Brume et silence. Pénombre et attente.
Peu à peu, une présence se fait jour, et l’on capte la vision d’un corps qui gravite dans l’espace, dans un mouvement spiral dont l’origine se perd dans les vapeurs inaugurales.
Tour à tour, cinq corps rejoignent le premier, exécutent et répètent en canon la même figure. Quatre danseuses et deux danseurs vêtus à l’identique, pantalon et superposition de tee-shirts : aux formes géométriques courbes et au mouvement perpétuel correspond, dans la symbolique des couleurs, le bleu, celui des costumes délicatement moirés et réchauffés d’un trait d’ocre.

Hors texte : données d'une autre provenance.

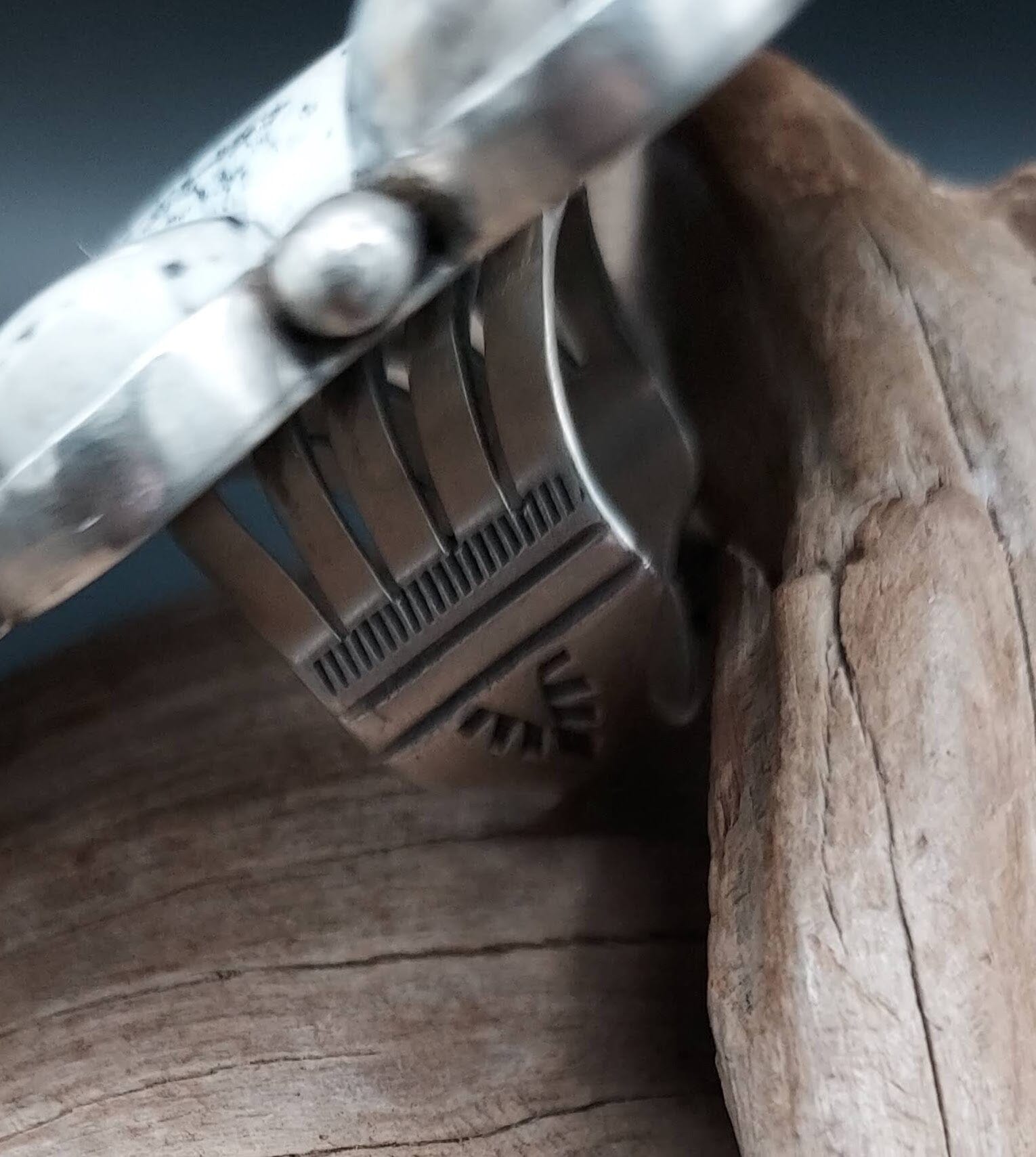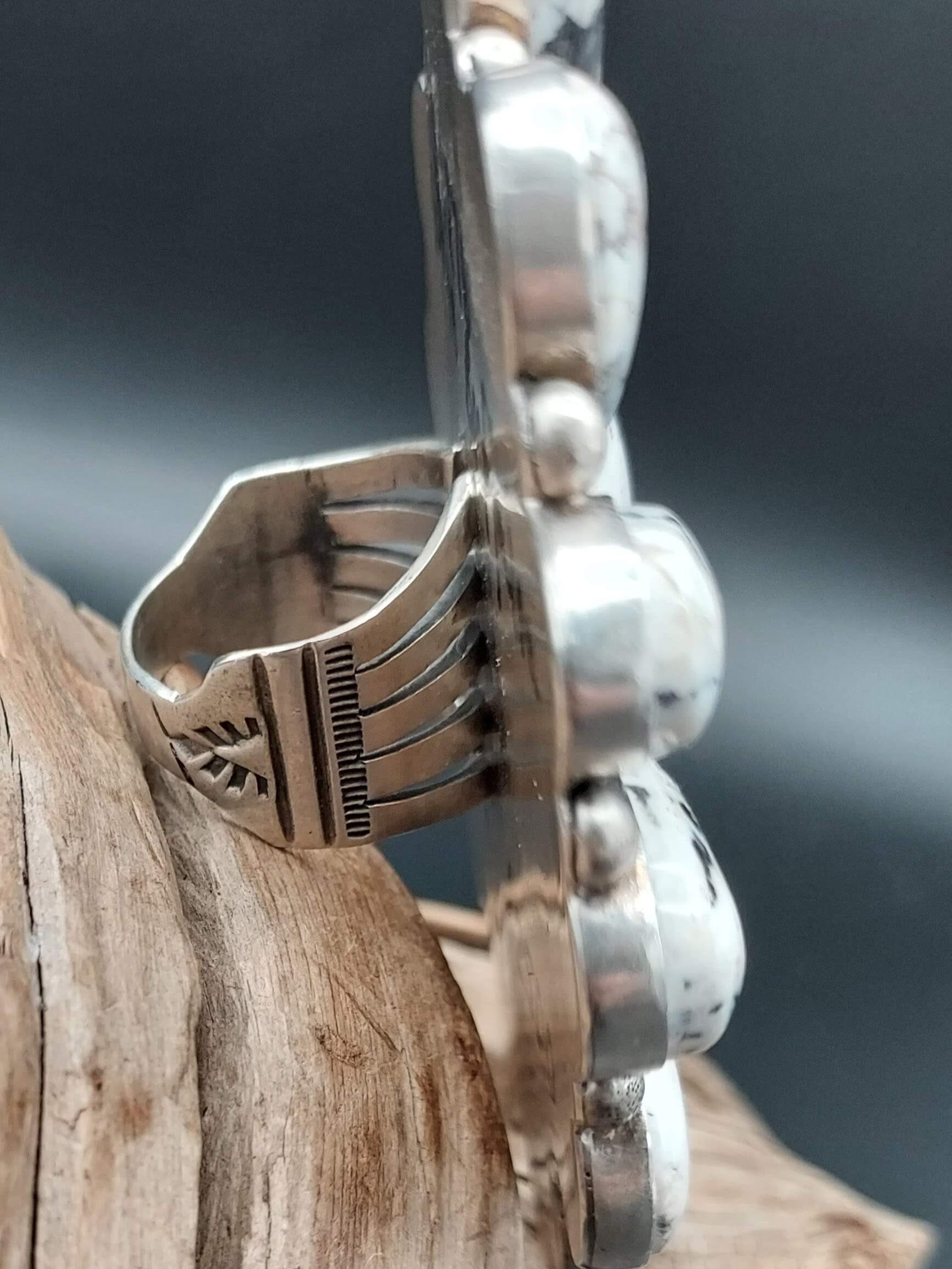 A breathtaking collectible statement ring featuring 13 genuine White Buffalo stones in a bold cluster design. Twelve teardrop-shaped stones encircle a striking large oval center stone, all set in a beautifully crafted sterling silver setting. This is a powerful, heirloom-quality piece—perfect for serious collectors and lovers of rare White Buffalo.
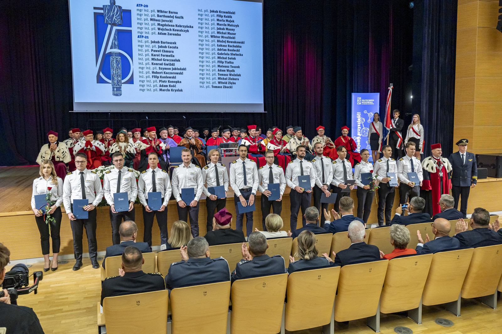 Politechnika Rzeszowska od 50 lat kształci pilotów lotnictwa cywilnego. W Ośrodku Kształcenia Lotniczego do tej pory wykształciliśmy 1261 pilotów, którzy pracują w liniach lotniczych na całym świecie. Na uroczystości kolejna grupa pilotów otrzymała certyfikaty ukończenia szkolenia do licencji pilota komunikacyjnego. Certyfikaty i pagony pilotom wręczyli JM Rektor i dyrektor Ośrodka Kształcenia Lotniczego mgr inż. pil. Tomasz Nowosielski. Miłym akcentem była informacja o nadaniu wyróżnienia prymusowi wśród lotników mgr. inż. Julii Zawidowicz przez Światowe Stowarzyszenie Lotników Polskich. Akt wyróżnienia wręczył prof. Marek Grzegorzewski.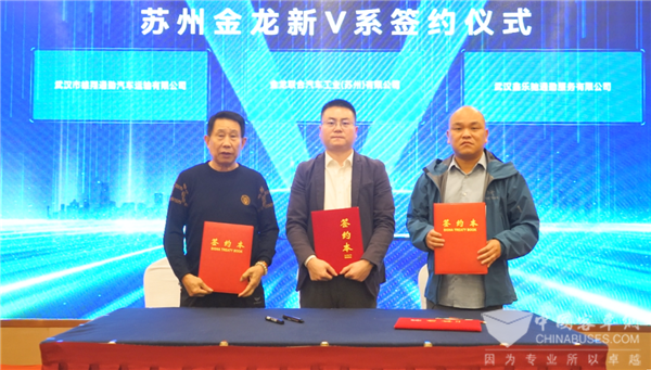 通过前期的了解试驾,苏州金龙湖北销售部经理王安栋在推介会现场分别与武汉市雄翔通勤汽车运输有限公司副总经理李佑生、武汉鑫乐驰通勤服务有限公司总经理李志立签署了购车协议,而这只是苏州金龙新V系深入湖北文旅行业,为游客提供更优质服务,为通勤公司实现运营效益提升的开始。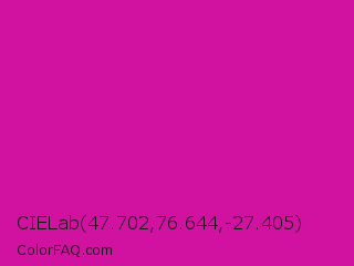 CIELab 47.702,76.644,-27.405 Color is a normal magenta color and the nearest color is Red Violet #c71585. Hex code #d112a1 and RGB value is rgb(209,18,161). In RGB color space, this color is composed of 82% red, 7% green, 63% blue, In CMYK color space, this color is composed of 0% cyan, 91% magenta, 23% yellow , 18% black , In HSL color space, this color has a hue angle of 315° , 84% saturation and 45% lightness.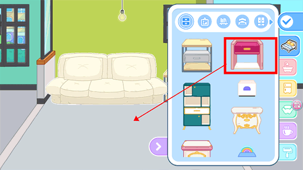 1、首先可以先簡單裝扮自己的房間,需要用手指拖拽物品往下;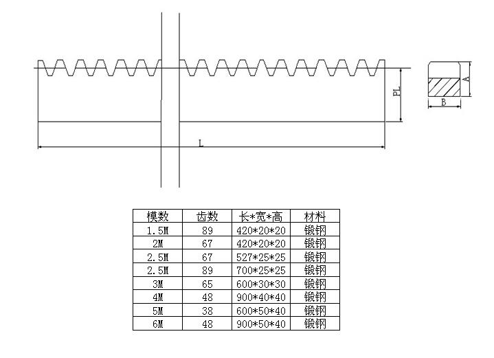 齒條也分直齒齒條和斜齒齒條,分別與直齒圓柱齒輪和斜齒圓柱齒輪配對使用; 齒條的齒廓為直線而非漸開線(對齒面而言則為平面),相當于分度圓半徑為無窮大圓柱齒輪。根據(jù)客戶需要,提供齒條的調(diào)質(zhì)、齒面淬火、發(fā)藍(煮黑)等加工服務。本產(chǎn)品廣泛應用于眾多機械設備上。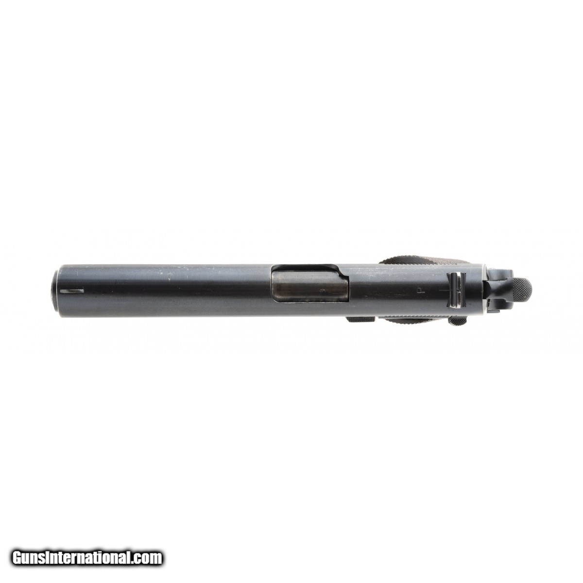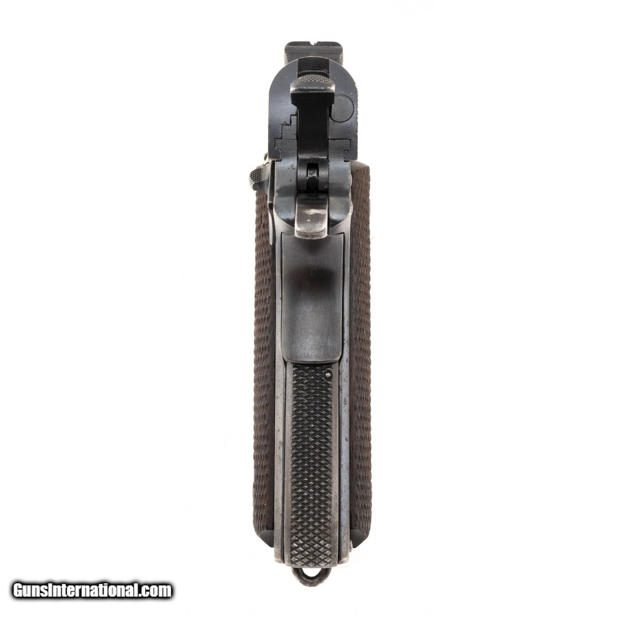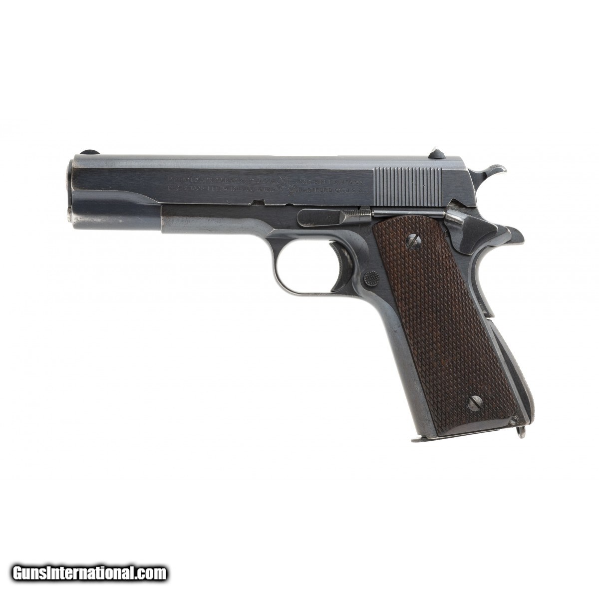 Description: "Serial number 705652. Made in 1924. 45 ACP with a 5" barrel. Absolutely beautiful condition with 97% of the original blued finish. Grips are excellent with nice sharp checkering. Bore is excellent. This is rare transitional model which has the 1911A1 features with a blued finish. This gun was part of a 10,000 gun contract from Springfield Armory that was awarded to Colt on June 12th of 1923. All of these guns were assigned the serial number 700,000 – 710,000. This contract was delivered across 1924. This gun comes with a factory letter. This gun comes with paperwork that this gun was sent to the USS Charleston from the Springfield research records. Absolutely beautiful 1911 Transitional. Hard to improve upon! SOLD Curio/Relic: Yes |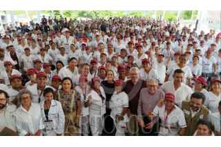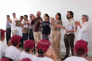 AQUILA, MICHOACÁN, 28JUNIO2025.- Ariadna Montiel, secretaria del Bienestar; Claudia Sheinbaum, presidenta de México; Alfredo Ramírez Bedolla, gobernador de Michoacán; David Kershenobich, secretario de Salud, y Zoé Robledo, director general del IMSS, durante el arranque de la campaña Salud Casa Por Casa en la entidad. Iniciativa que busca beneficiar a las personas mayores y en condiciones de vulnerabilidad. FOTO: PRESIDENCIA/CUARTOSCURO.COM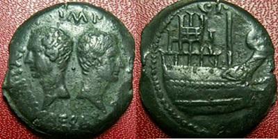 J'ai lu que ce dupondius a été inspiré de l'As de Nîmes et comme ce dernier il a subi aussi les coups de burin pour le diviser en 2.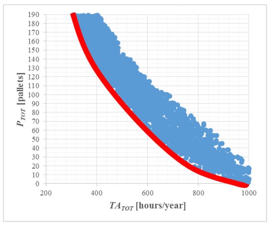 Figure 4 conceptually reports the Pareto Frontier (red curve) of the different scenarios analyzed in the Step 2 with the points. The set of the points belonging to the Pareto Frontier are defined as .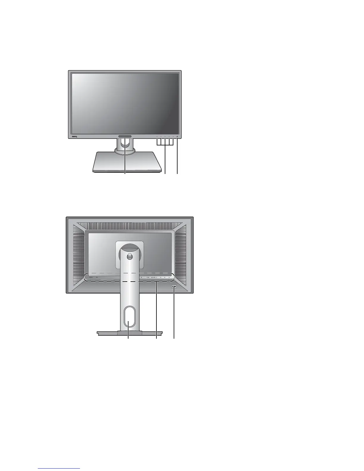 BenQ BL2420U - Getting to Know Your Monitor; Front View; Back View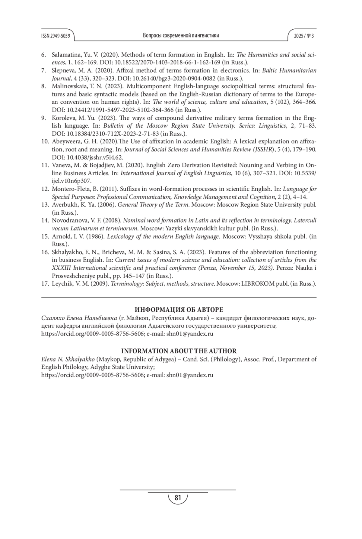6. Саламатина Ю.В. Способы терминообразования в английском языке // Гуманитарные и социальные науки. 2020. № 1. С.162-169. DOI: 10.18522/2070-1403-2018-66-1-162-169 EDN: SCPJYX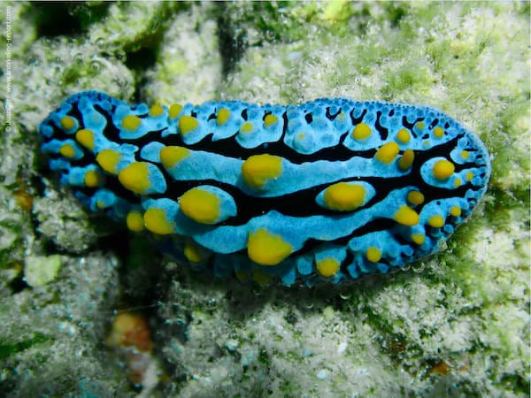 En parcourant le récif, vous pourrez aussi trouver des étoiles de mer bleues, des oursins-crayons et des phyllidies verruqueuses, un nudibranche coloré.

Ils évoluent dans un espace multipolaire, qui les imprègne totalement et décrivent une trajectoire autarcique, nécessaire et infinie, dont émane un sentiment contrasté de plénitude et d’absence. Lointains, à la fois seuls et ensemble, ils semblent en apesanteur, fusionnant avec l’espace, comme portés par les lois de la mécanique céleste, ou par la crête flexueuse d’une vague.
La structure du mouvement fait alterner le concave et le convexe, la courbe et la ligne droite, le descendant et l’ascendant, le continuum et la station immobile. On songe à la contraction rythmique d’un coeur, systole et diastole, à la pulsation lente et régulière.
Mais c’est pour faire advenir du différent que le mouvement itératif fait revenir le même : par le jeu des interactions entre les corps, des variations de perspective, par le travail du temps, des transformations s’opèrent, des sensations surgissent, une situation se crée ; et l’attention est rendue aux détails infimes du mouvement. Nulle frontière entre le dedans et le dehors, entre l’invisible et le sensible : de par sa qualité organique, le mouvement témoigne d’un passage d’énergie, qui prend sa source sous la surface de la peau pour la faire remonter et la propager vers les extrémités.
Les torsions du poignet nouent les reprises, rythment la cadence. Les ondulations de la colonne vertébrale, les déhanchés, les oscillations signent la dimension ornementale de cette stylistique qui évoque l’arabesque, ses asymétries, sa faculté incessante de s’incurver en volutes et méandres.
La musique de Sir Richard Bishop accentue l’aura si particulière des mouvements. Danse et musique s’épousent et dialoguent, rendant sensible la dimension acoustique de l’espace. Aux variations sur le même thème musical, fait écho la succession des figures. La musique assure une fonction dramaturgique et distribue les intensités jusqu’à la phase finale : des notes espacées en broderie arachnéenne, elle vire au phrasé électrisé et dissonant.
L’espace s’atrophie et confine le mouvement, pris d’un tournis rythmique, dans un cercle concentrique. Les corps s’agrègent sous l’emprise d’une attraction fatale. La lumière contient la transe des corps, en proie à une accélération éperdue. La scène suggère des profondeurs abyssales, un trou noir qui aspire et avale les corps.
Etrange final à double détente, où la danse paraît s’ensevelir dans son fantasme, qui est aussi son plus haut degré d’incandescence : au point de rencontre avec son désir d’illimité, elle s’excède elle-même, dans une sorte de dévoration voluptueuse, attestant à la fois son épuisement et son accomplissement. Dans la nuit striée d’un ultime accord de guitare, demeure le rêve d’une fusion extatique dans le mouvement pur.